State-owned National Gas Company (NGC) has about 20 per cent less gas to supply its customers than is currently required.
This was revealed by the company's consultant and technical adviser Frank Look Kin during a two-hour meeting yesterday with the Joint Select Committee of Parliament on State Enterprises at J Hamilton-Maurice Room, Tower D, International Waterfront Centre, Port-of-Spain. The meeting was chaired by Independent Senator David Small.
Look Kin was responding to a question about challenges facing the company from JSC member and Minister of Social Development and Family Services, Cherrie-Ann Crichlow-Cockburn.
He said NGC's current gas production is "probably about 20 per cent less than the volumes required to service our customers." The situation started in 2008/2009 due to a combination of factors, he said, including "no new investment, platform coming down for special maintenance and gas production was falling"
From 2011 the gas supply "was not sufficient to meet even the reduced gas demand that we had in the country" and the situation continues.
"It is about in 2017/18 that we will probably see significant impact of new capital investment to raise the production levels back up to be able to minimise the shortage of gas that exist in the country today," he said.
Look Kin said when British Petroleum's Trinidad Regional On-shore Compression Project (TROC) and another project come on stream there will be about 590 million cubic feet of gas. That will slow the rate of decline and result in a higher level of gas availability. However, he underscored the need for "more capital investment in T&T to be able to generate more gas."

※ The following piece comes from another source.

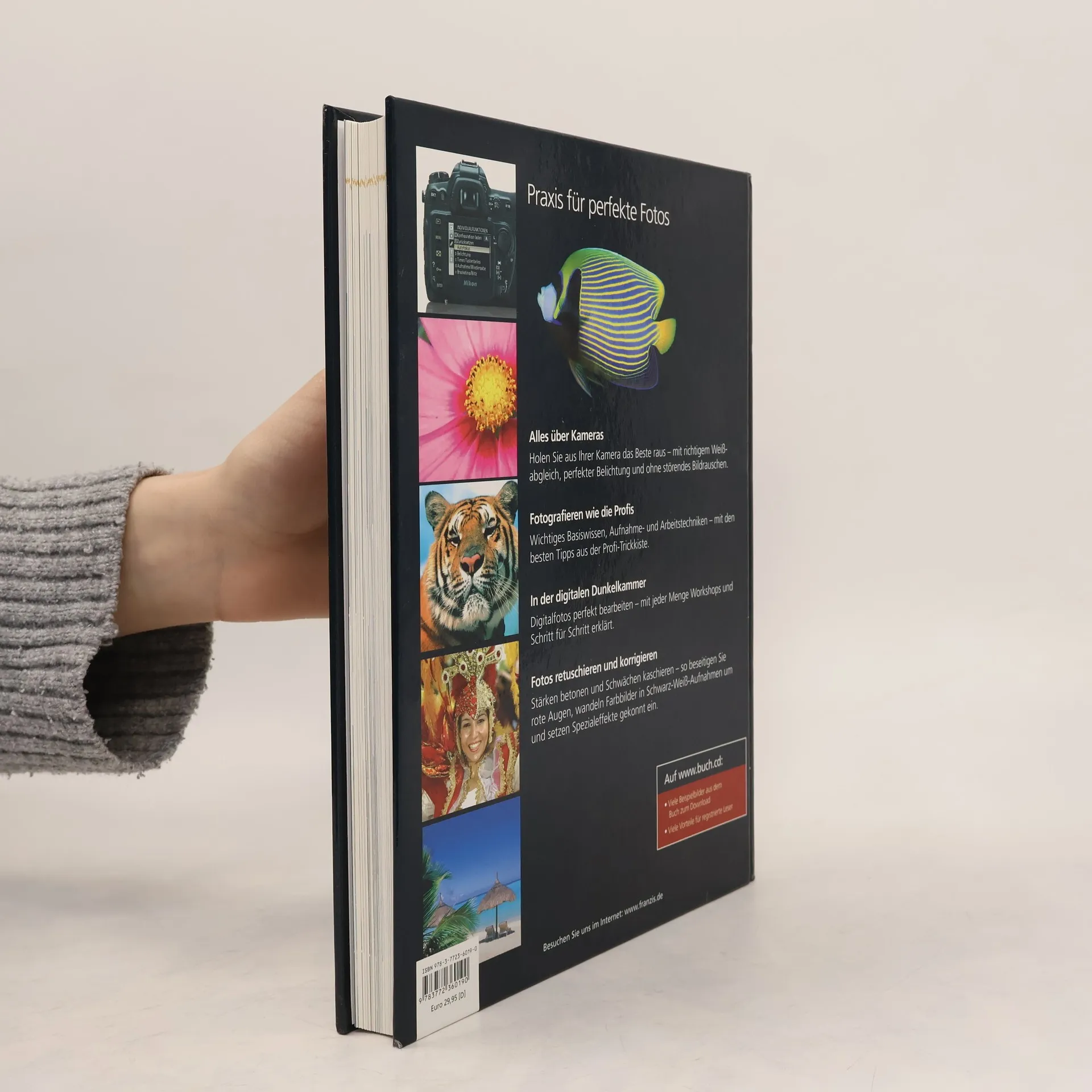 Alles über Kameras Holen Sie aus Ihrer Kamera das Beste raus - mit richtigem Weißabgleich, perfekter Belichtung und ohne störendes Bildrauschen. Fotografieren wie die Profis Wichtiges Basiswissen, Aufnahme- und Arbeitstechniken - mit den besten Tipps aus der Profi-Trickkiste. In der digitalen Dunkelkammer Digitalfotos perfekt bearbeiten - mit jeder Menge Workshops und Schritt für Schritt erklärt. Fotos retuschieren und korrigieren Stärken betonen und Schwächen kaschieren - so beseitigen Sie rote Augen, wandeln Farbbilder in Schwarz-Weiß- Aufnahmen um und setzen Spezialeffekte gekonnt ein.

Another option being considered is importation of gas from Venezuela, Look Kin added, but that is "a more medium to long-term prospect."
Small expressed concern about the payment of dividends by the company over the past few years. He said in 2014 NGC's profit was $3.1 billion and it paid $3.8 billion in dividends and in 2015 the profit was $605 million and paid $6.8 billion in dividends–a clear indication of dividends being paid out of retail earnings, which is not the best financial practice, he said.
The senator said he wanted to know the factors that caused NGC "in the past three years, to put out nearly $14 billion in dividends when that is more than double the amount of profits."
NGC acting vice president for Finance Narinejit Pariag said the company has a dividend policy "which allows us to pay up to 99 per cent of out profit available to (for) distribution based on special request from the shareholder." He said a special request can be made annually and the company "has paid dividends in excess of reported profit on an annual basis over the last couple years."
Pariag said at the end of last year NGC's gearing ratio was around 11 per cent and dividend payments were made without putting the company into jeopardy. In response to another question, Pariag said at the end of 2015 NGC was owed $1.7 billion. Acting president Maria Thorne said the company's new strategic plan for 2016 to 2020 is almost complete and there is likely to be restructuring of management.
She said the appointment of a permanent president is before the board and should be determined in due course.